According to the requirements of crop water demand, artificially to the farmland to replenish water and other measures of farmland. Irrigation can meet the demand for water for crops in time, improve soil water, fertilizer, gas, heat and salt, improve the microclimate of farmland, and achieve the goal of increasing agricultural production.
China is one of the earliest countries in the world to develop farmland irrigation. Qin and Han before the irrigation of farmland is called “immersion”, to the Han Dynasty has the name of “over- " or “irrigation”, the West Han time “irrigation” and “irrigation”, “irrigation” and use. After Tang used to use the word “irrigation”, and continue to use it to this day.

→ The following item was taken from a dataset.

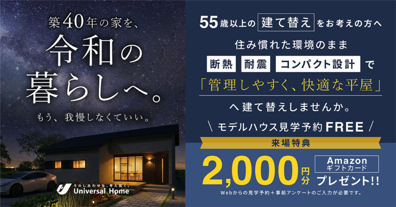建て替え?住み替え?あなたはどっち? 2026.05.01 建て替え?住み替え?あなたはどっち? 畑のある暮らしや愛犬がいる暮らしなど、 子育てが落ち着いて、ゆっくり過ごせる理想の暮らしを考えてみませんか? 55歳から考える大人の棲家 高松東店・丸亀店・建売住宅のご来場予約は下記からどうぞ 各種イベントも実施中です(*^▽^*) 一覧へ戻る 新着お知らせ 建て替え?住み替え?あなたはどっち? 2026.05.01 おうちの定期便 ~55歳から考える大人の棲家~ 2026.04.30 【2026年4月現在】累計1171棟お引渡し致しました! 2026.04.29 ~ゴールデンウィーク定休日のお知らせ~ 2026.04.18 ~4月定休日とイベントのお知らせ~ 2026.04.04 新着イベント・キャンペーン5/2・3・4『こどもの日新規ご来場特典』&5/10『ちびっこ大工上棟体験』2026.04.26第4回『おむつ詰め放題』5月毎週土日開催2026.04.26小さな手が造った贈り物【母の日イベント】5/9・10限定2026.04.17
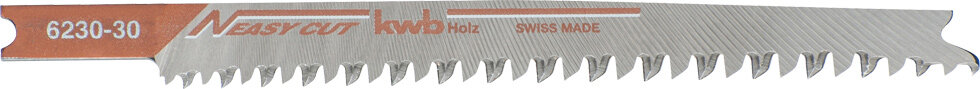 Das kwb EASY CUT Stichsägeblatt zur Holzbearbeitung mit progressiver Zahnteilung und Universal-Schaft (U-Schaft) besteht aus HCS Kohlenstoffstahl. Die gehärtete Zahnung ist präzisionsgeschliffen und geschränkt. Ein aufsteigender Zahnabstand sorgt für ausrissfreie Schnittkanten. Der Einstichzahn hilft beim Eintauchen. Das Sägeblatt ist für Holz, Spanplatten, Tischlerplatten und Faserplatten sowie weiche Kunststoffe geeignet.

Irrigation PrincipleS Crops require a lot of moisture from seed germination to plant maturation. Crop water demand includes both physiological water and ecological water demand. Crop physiological water demand refers to the water required for various physiological activities (such as steaming, photosynthesis, etc.) in the course of crop life, and the water needed for the development and development of crops in the process of fertility. The former is represented by leaf steaming, which accounts for about 60 to 80% of the amount of water needed for crops, while the latter is represented by evaporation between plants, which represents about 20 to 40% of the amount of water needed for crops. If the amount of water absorbed by the plant is less than the amount of water consumed, i.e. when the water balance in the plant is out of balance, light causes temporary wilting and heavy dry death. Atmospheric drought or soil drought will cause the crop stems and leaves to suffer in varying degrees of wilting, resulting in the weakening of photosynthesis, affecting the production and accumulation of organic matter, while the root system water absorption function is weak, the body organic nutrient transport is destroyed. Water scarcity is more harmful to young crops and organs.